Водка была крепкая и отдавала луком — по всему телу разлилась теплота.

Старик тоже отхлебнул из бутылки.

— Я родился при австрийцах, во времена Франца — Иосифа, в восемьдесят четвертом году.

Он рассказал, что служил солдатом в Боснии, потом был демобилизован и женился. В четырнадцатом году началась война, и его взяли в императорские егеря. Во время брусиловского прорыва в Волынии в шестнадцатом году он попал в плен к русским, и его увезли аж за Урал, в Сибирь. Потом вспыхнула революция, красные сражались с белыми, а он, стараясь уцелеть, скитался по необъятным землям России. Добрался он и до пустыни, где жили монголы, а потом перекочевал в Среднюю Азию, где ездят на верблюдах. Но он хотел вернуться на родину. И вот однажды попал в это селение, году в… в каком году это было? Стояла осень, он совсем выбился из сил, а тут было тихо, спокойно, и столько незасеянной земли, и так мало работников. Вот он и остался.

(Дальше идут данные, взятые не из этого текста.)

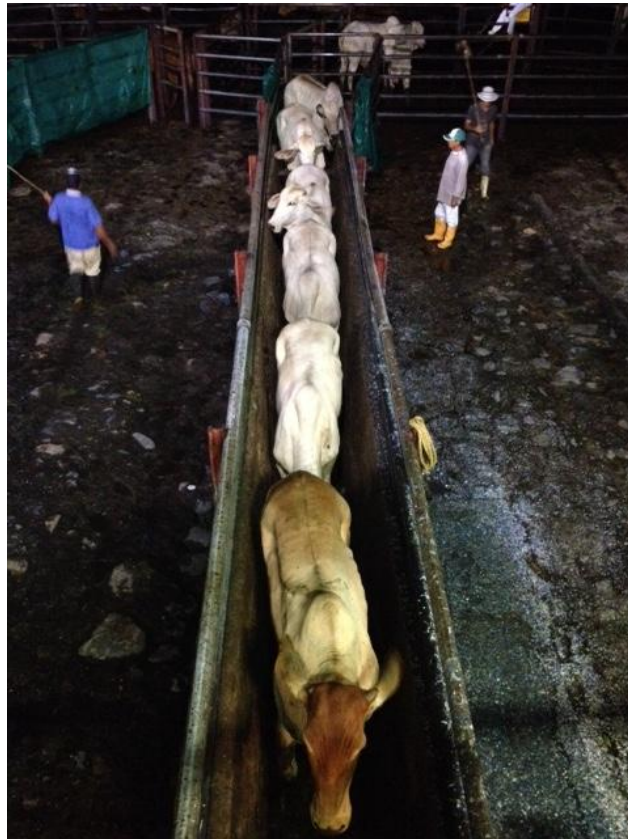
Ilustración 4: Ingreso adecuado de los bovinos a las básculas.

“La zona de fuga es el área que delimita la distancia hasta donde debe acercarse a un animal o a una manada sin generar ninguna reacción. Cuando penetramos esta zona los animales se alejarán de nosotros, esta es una presión no física que permite dirigir a un grupo de animales

Крестьянин сказал, что он русский солдат, австрийцы в Галиции взяли его в пятнадцатом году и он вместе с другими военнопленными строил в ближнем тылу, в Доломитовых горах, железную дорогу. Когда кончилась война, он, мол, вернулся домой, но никого из родни не нашел, и вот забрел в их селение, где, по рассказам, очень нужны землепашцы. Тут он прожил зиму, кажется, это был двадцать седьмой год. Пришла весна, а он так никуда и не уехал.

Капрал слушал его негромкий рассказ, но водка все сильнее дурманила голову. Ему хотелось вытянуться и заснуть. «Как хорошо было бы проснуться уже весной», — подумал он. Потом спросил у старика:

— Где вы родились, тогда, при австрийцах?

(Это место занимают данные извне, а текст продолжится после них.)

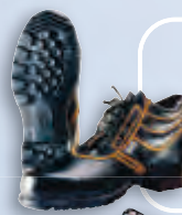
Ботинки от термического риска электродуги кожаные на однослойной подошве из нитрильной резины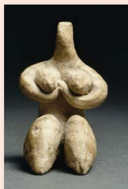
Figurine féminine style halaf, Le Louvre

Tél. 02 31 36 18 05 ou bibliotheque.hermanville@orange.fr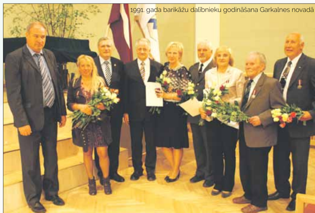
1991. gada barikāžu dalībnieku godināšana Garkalnes novadā

tam, aizej tur... Tādā veidā es to Zemessardzi te sāku organizēt.

— В Трентино. Я из Джудикарии.

— А как место называется?

Старик назвал родное селение так, как его называли прежде, в старые времена, и капрал, когда услышал, вздрогнул, словно его ударило электрическим током. Он с трудом поднялся с лежанки и сел на лавку. Рукой привлек к себе и усадил рядом старика, стоявшего перед ним.

— Рассказывайте, рассказывайте.

Старуха неподвижно и отрешенно сидела под иконами, молодая женщина улеглась рядом с детьми, двое солдат спали. Альпийский стрелок постанывал во сне и перебирал ногами, словно еще брел по снегу.

— Рассказывайте, — повторил капрал. — Ведь я тоже там родился.



Старик, сидя рядом, неторопливо набивал трубку мелко нарезанным табаком. Возможно, ему не хотелось больше говорить; пожалуй, он и без того слишком много рассказал этому солдату из итальянской армии, забредшему зимним вечером в его дом. То были дела давно минувших дней. С той поры прошло уже тридцать лет, а может, и все триста. Воспоминания, которые время, казалось, погребло навсегда, ожили, стали яркими, зримыми. Прошлое вернулось, стоило ему только вспомнить название селения и услышать родной диалект, на котором он даже думать перестал, не то что говорить. С той самой весны тысяча девятьсот двадцать восьмого, когда он решил превратиться в русского солдата, возвратившегося из плена в Трентино.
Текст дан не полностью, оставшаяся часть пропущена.